__Problem details__.
Leave the pictures out, and transcribe the material below exactly from the line with "The north transept" to the line with "Dzisiaj w naszej", both lines included.

__Dataset__.
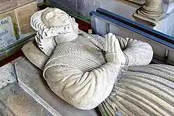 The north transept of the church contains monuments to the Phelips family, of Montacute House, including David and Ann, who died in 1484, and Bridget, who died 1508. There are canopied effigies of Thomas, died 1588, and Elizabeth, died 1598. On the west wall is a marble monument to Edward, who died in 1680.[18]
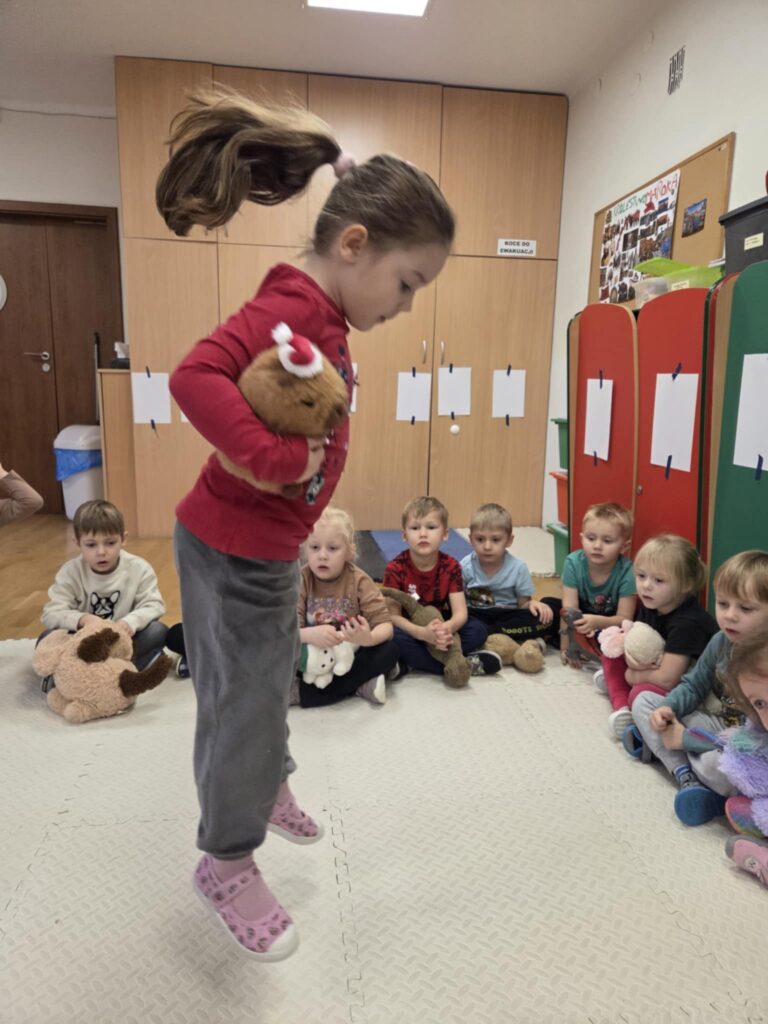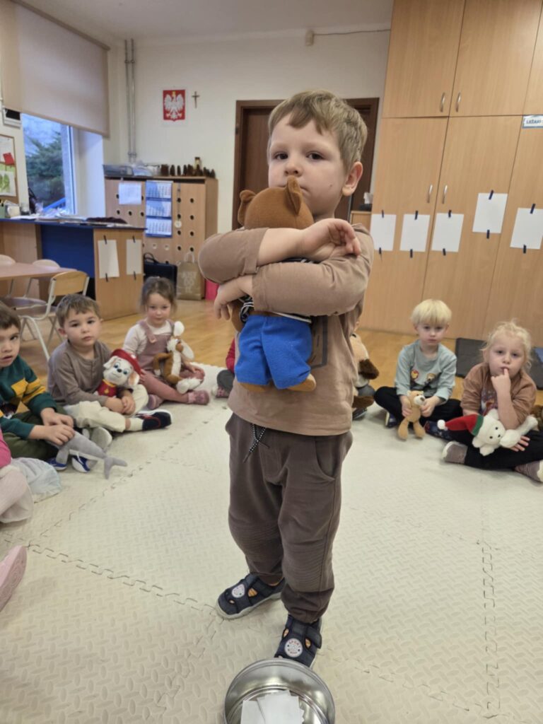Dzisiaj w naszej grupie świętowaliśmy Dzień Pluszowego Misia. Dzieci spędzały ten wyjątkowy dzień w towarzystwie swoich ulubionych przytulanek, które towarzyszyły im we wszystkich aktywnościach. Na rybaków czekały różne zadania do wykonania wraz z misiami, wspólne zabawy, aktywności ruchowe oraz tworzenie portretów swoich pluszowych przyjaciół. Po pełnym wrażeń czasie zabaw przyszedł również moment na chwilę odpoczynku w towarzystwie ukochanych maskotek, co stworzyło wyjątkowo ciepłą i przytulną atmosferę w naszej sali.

...

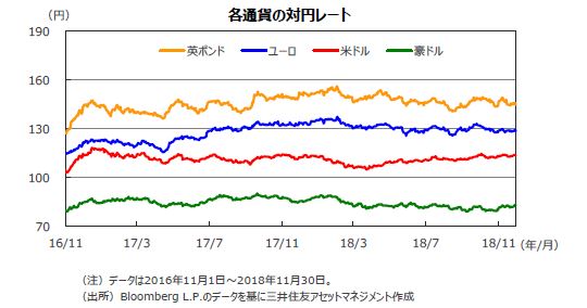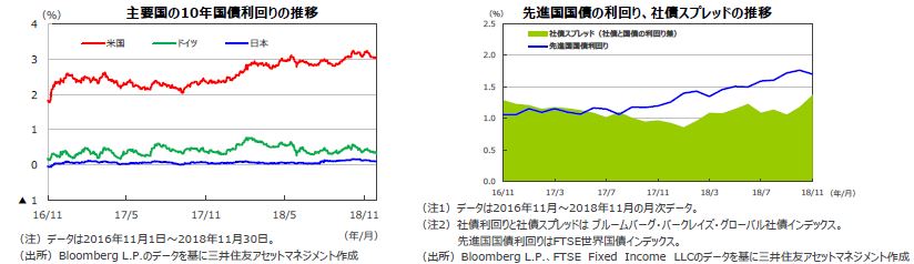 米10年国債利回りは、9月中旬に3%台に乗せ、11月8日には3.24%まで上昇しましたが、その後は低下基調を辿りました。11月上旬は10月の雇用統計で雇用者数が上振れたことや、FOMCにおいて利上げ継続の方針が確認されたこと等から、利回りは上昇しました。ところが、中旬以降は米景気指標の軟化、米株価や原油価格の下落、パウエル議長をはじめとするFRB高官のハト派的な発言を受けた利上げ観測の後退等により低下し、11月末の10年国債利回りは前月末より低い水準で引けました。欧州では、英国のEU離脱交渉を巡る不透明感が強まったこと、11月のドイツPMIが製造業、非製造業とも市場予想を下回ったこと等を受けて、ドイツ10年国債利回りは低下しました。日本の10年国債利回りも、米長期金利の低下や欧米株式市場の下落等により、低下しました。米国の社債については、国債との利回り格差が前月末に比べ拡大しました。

__Written solution__.
 The north transept of the church contains monuments to the Phelips family, of Montacute House, including David and Ann, who died in 1484, and Bridget, who died 1508. There are canopied effigies of Thomas, died 1588, and Elizabeth, died 1598. On the west wall is a marble monument to Edward, who died in 1680.[18]
Dzisiaj w naszej grupie świętowaliśmy Dzień Pluszowego Misia. Dzieci spędzały ten wyjątkowy dzień w towarzystwie swoich ulubionych przytulanek, które towarzyszyły im we wszystkich aktywnościach. Na rybaków czekały różne zadania do wykonania wraz z misiami, wspólne zabawy, aktywności ruchowe oraz tworzenie portretów swoich pluszowych przyjaciół. Po pełnym wrażeń czasie zabaw przyszedł również moment na chwilę odpoczynku w towarzystwie ukochanych maskotek, co stworzyło wyjątkowo ciepłą i przytulną atmosferę w naszej sali.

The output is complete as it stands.